Two charges \( q_1 \) and \( q_2 \) are placed at a distance \( r \). If the distance between them is doubled, the electrostatic force between them becomes:

• A. One-fourth of the original force
• B. Half of the original force
• C. Four times the original force
• D. Twice the original force

Hint:

In inverse-square laws (like gravity or electrostatics), doubling the distance reduces the force by a factor of 4.

Answer 1

The Correct Option is A

Concept: Coulomb's Law describes the electrostatic force ($F$) between two point charges: \[ F = k \frac{q_1 q_2}{r^2} \] where $k$ is Coulomb's constant, $q_1, q_2$ are the magnitudes of the charges, and $r$ is the distance between them.

Step 1: Identify the relationship between Force and Distance. From the formula, $F$ is inversely proportional to the square of the distance between the charges: \[ F \propto \frac{1}{r^2} \]

Step 2: Calculate the effect of doubling the distance.

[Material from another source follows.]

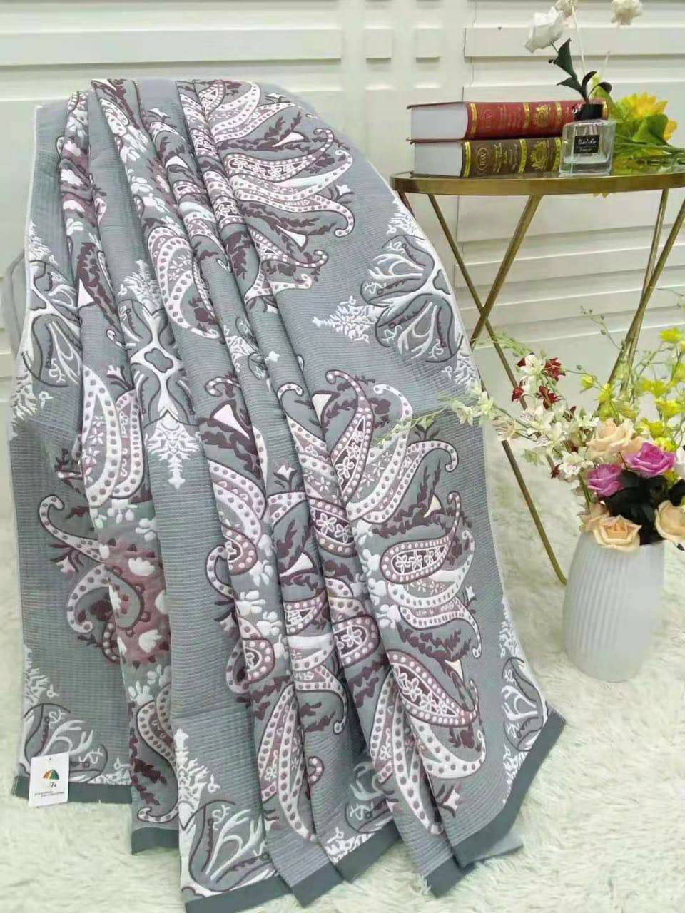 Это покрывало LUX-48681 бренда LUXE HOME, выполненное в элегантном стиле с изысканным восточным узором "пейсли". Серый фон и контрастный рисунок в бордово-белых тонах придают изделию утонченный и роскошный вид, делая его идеальным дополнением для спальни или гостиной. Оно добавит нотку изысканности любому интерьеру.

Let the original force be $F_1 = \frac{k q_1 q_2}{r^2}$. When the distance is doubled, $r' = 2r$. The new force $F_2$ is: \[ F_2 = \frac{k q_1 q_2}{(2r)^2} = \frac{k q_1 q_2}{4r^2} \]

Step 3: Compare the new force to the original. \[ F_2 = \frac{1}{4} \left( \frac{k q_1 q_2}{r^2} \right) = \frac{1}{4} F_1 \]